Friday, April 11, 2008

Improvements to io.monitors; faster refresh-all

Factor's io.monitors library previously supported Mac OS X, Windows and Linux. Now it also supports BSD, but in a much more restricted fashion than the other platforms. Basically you cannot monitor directories, just individual files. This is because kqueue() only provides very limited functionality in this regard. However, having something is better than nothing, and the functionality provided on BSDs is still useful for monitoring log files and such.

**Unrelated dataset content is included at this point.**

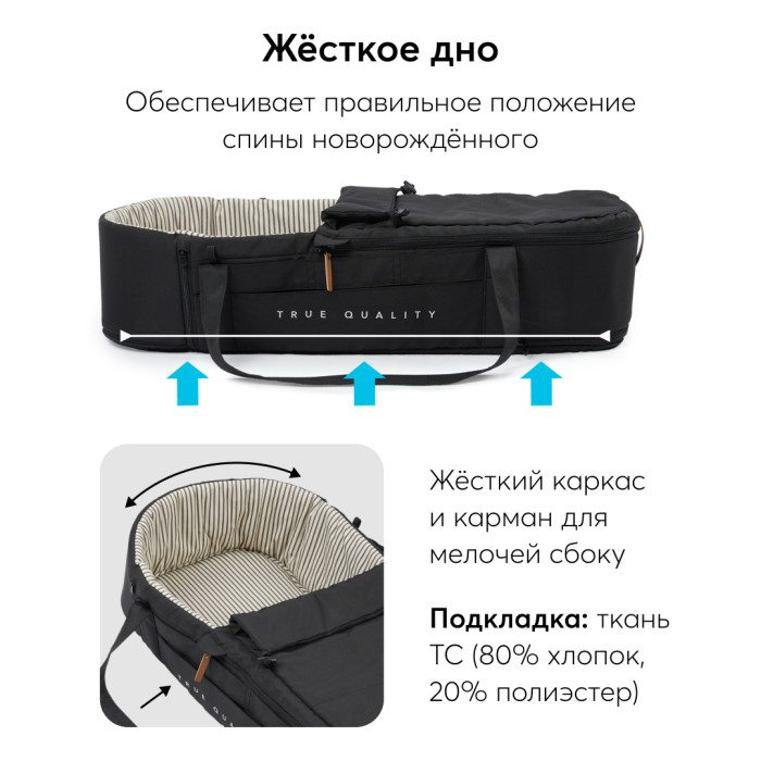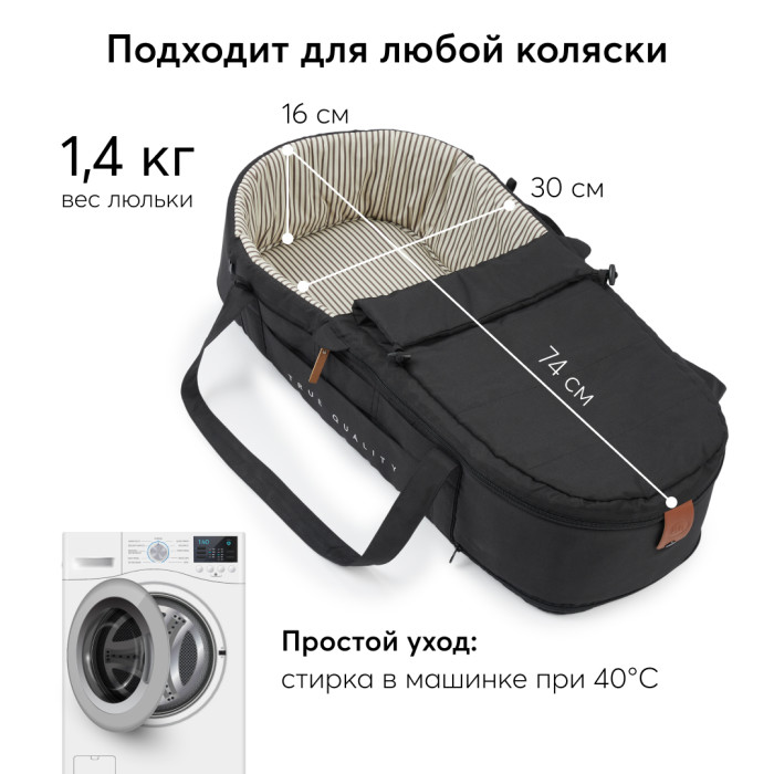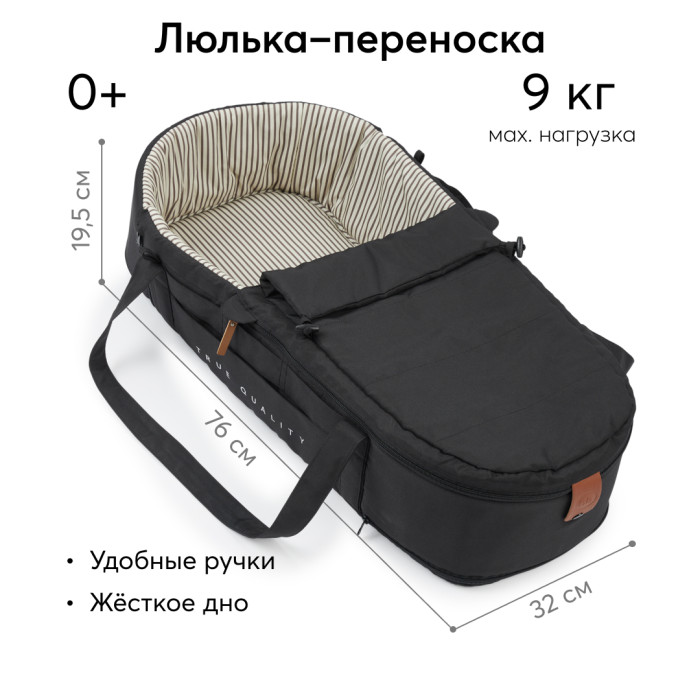 Качественная текстильная люлька имеет высокие утепленные борта и жесткое дно. Это полноценное спальное место для ребенка, при этом с удобными ручками для переноски. Вы сможете пользоваться такой "кроваткой" дома, в поликлинике, у друзей и родственников. В коляске люлька надежно крепится специальными ремнями, поэтому можно не бояться, что она сместиться во время прогулки. Для холодного времени года или для дополнительного комфорта люлька оснащена накидкой с удобным креплением на молнии.

On Linux, inotify doesn't directly support monitoring recursive directory hierarchies so Factor's monitors didn't support recursive monitoring, but a mailing list post by Robert Love discusses how to solve this issue in user-space. I used his solution to implement recursive monitors on Linux.

Another oddity relating to inotify is that if you add the same directory twice to the same inotify, you get the same watch ID both times, and events are only reported once. This means that the previous implementation where there was one global inotify instance shared by all monitors wasn't really as general as one would hope, because you couldn't run two programs that monitor overlapping portions of the file system. I thought of several possible fixes but in the end just changed the monitors API to accommodate this case. All monitor operations must now be wrapped in a with-monitors combinator. On Linux, it creates an inotify instance and stores it in a dynamically-scoped variable, so that subsequent calls to <monitor use this inotify. Independent inotifies in different threads don't interact at all. On Mac OS X, BSD and WIndows, with-monitors just calls the quotation without doing any special setup.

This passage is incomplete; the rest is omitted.